A confession
I do confess that I read textbooks. Mostly they are obscure methods and applications, but occassionaly they are graduate or college level, and even introductory. I do this because I need to keep up with new tricks, but also because there is something special in trying to teach a newbie analytics.
I mean, it is all about creating the right mental image so they can see the data shape and flow, and so instinctively recognise how to work with it. And introductory text are full of simplififed, yet correct, views of the world of data.
So, what is my confession? I normally gloss over the sections about “descriptive statistics” (i.e using stats to describe the overall “feel” of the data - 1 in 5 kids skip breakfast, etc).

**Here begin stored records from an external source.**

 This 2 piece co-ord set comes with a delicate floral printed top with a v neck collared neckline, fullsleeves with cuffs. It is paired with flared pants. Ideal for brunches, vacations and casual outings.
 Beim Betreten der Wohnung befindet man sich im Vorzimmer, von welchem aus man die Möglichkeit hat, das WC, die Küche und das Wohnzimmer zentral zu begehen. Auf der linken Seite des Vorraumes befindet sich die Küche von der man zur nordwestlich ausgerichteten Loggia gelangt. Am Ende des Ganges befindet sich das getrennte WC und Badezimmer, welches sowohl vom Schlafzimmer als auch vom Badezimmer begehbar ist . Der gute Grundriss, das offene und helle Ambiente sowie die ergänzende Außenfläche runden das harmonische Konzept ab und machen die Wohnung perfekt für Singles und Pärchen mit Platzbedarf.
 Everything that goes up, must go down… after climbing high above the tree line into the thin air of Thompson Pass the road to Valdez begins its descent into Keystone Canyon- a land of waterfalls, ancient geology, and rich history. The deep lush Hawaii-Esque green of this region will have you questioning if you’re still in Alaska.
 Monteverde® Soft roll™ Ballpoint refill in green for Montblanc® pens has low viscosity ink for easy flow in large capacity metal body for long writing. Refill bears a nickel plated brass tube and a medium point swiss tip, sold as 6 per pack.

They never interested me. I am a more “inferential modelling” type of fella (i.e. using hypothesis testing and other hefty tools to infer insight and generate correlations and predictions about a data set).

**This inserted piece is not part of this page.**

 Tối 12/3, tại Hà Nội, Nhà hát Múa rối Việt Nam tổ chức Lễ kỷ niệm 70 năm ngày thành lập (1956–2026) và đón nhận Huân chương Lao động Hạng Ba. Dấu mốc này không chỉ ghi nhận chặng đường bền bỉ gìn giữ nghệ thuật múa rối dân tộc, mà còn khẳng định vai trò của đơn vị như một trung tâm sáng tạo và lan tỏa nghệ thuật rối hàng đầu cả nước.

If it isn’t predicting an outcome, or telling me how to do things better or faster, why would I care? I should acknowledge that this often gets me into trouble with the Communications section, who are charged with creating the visualisations and stories around the inferences I find.
But I had a moment the other day when I was challenged on why I had made a choice of design. My answer had to do with the underlying nature of the data set…yep. Descriptive Statistics held the key.

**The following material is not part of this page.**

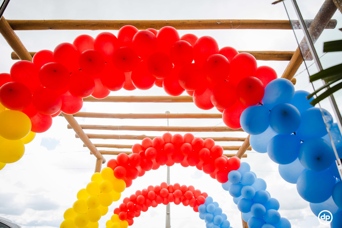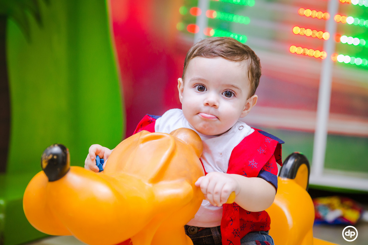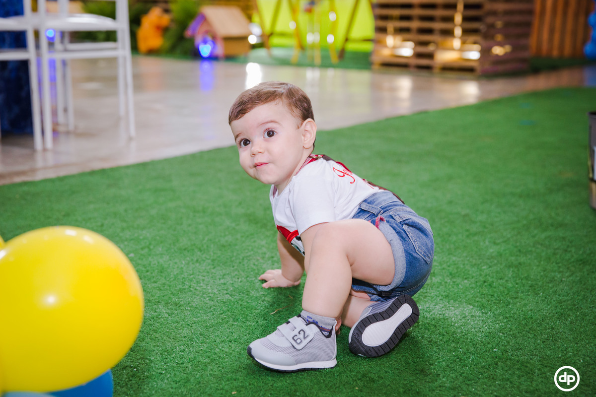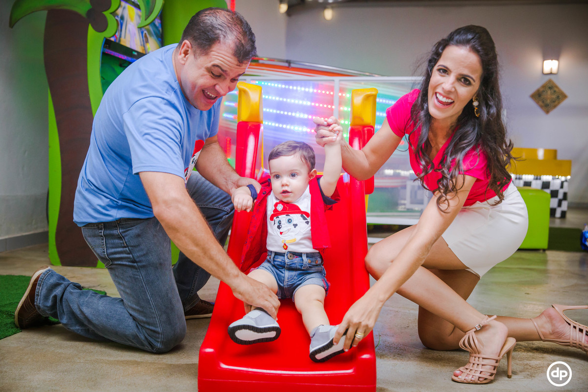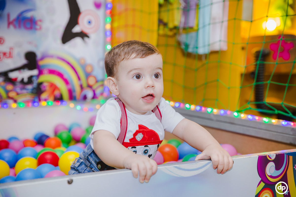 Uma família querida e cheia de amor. Um bebê sorridente e feliz, que aproveitou todos os detalhes de sua festa, mas se apaixonou pela piscina de bolinhas.
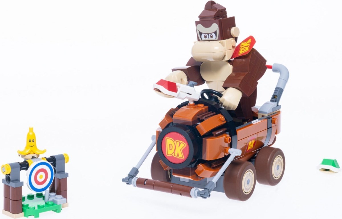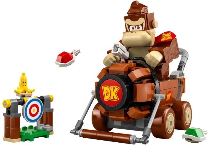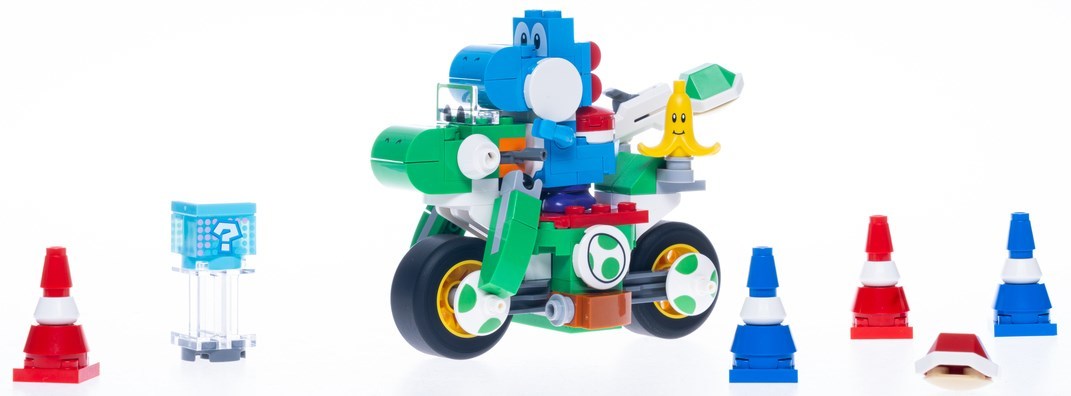 這次的車輛包含耀西摩托車、經典款的卡丁車、飛行瓢瓢、毛毛蟲車......等,而從官圖也可以看到遊戲中那些令人又愛又恨的道具!像是香蕉皮、紅色烏龜殼、綠色烏龜殼,新規製作的烏龜殼則可以利用子彈彈射裝置進行發射,而在 72036 這款最大的盒組中還可以收集到球蓋姆,真的好讚~!

So now, as well as sending my models down to Communications to have them make the pretty visuals for the output, now I speak to them before I model too, to see if the descriptive stuff holds any secrets that make the modelling and data mining more efficient, or more appropriate.
This blog was written without duress. No inference should be made about my continuuing support for the Communications department and the wonderful work they do.
Mmmm humble pie……


Thursday, October 29, 2009 at 1:24PM
Reader Comments (1)
"Anscombe's Quartet", Anscombe (1976). Most convincing "look at the data first" argument that I've met.
Clustering to find which data is patterned and which are outliers, and then doing a residual analysis of the implied model, should work to correctly eliminate outliers and determine appropriate transforms analytically. Realistically, it is not advanced enough yet to keep up with our ability to simply look at something and pull out patterns and flag potential outliers. OK, so the human mind seems to have a cutoff around p=.6, but it is so fast it's a shame to waste the EDA capability.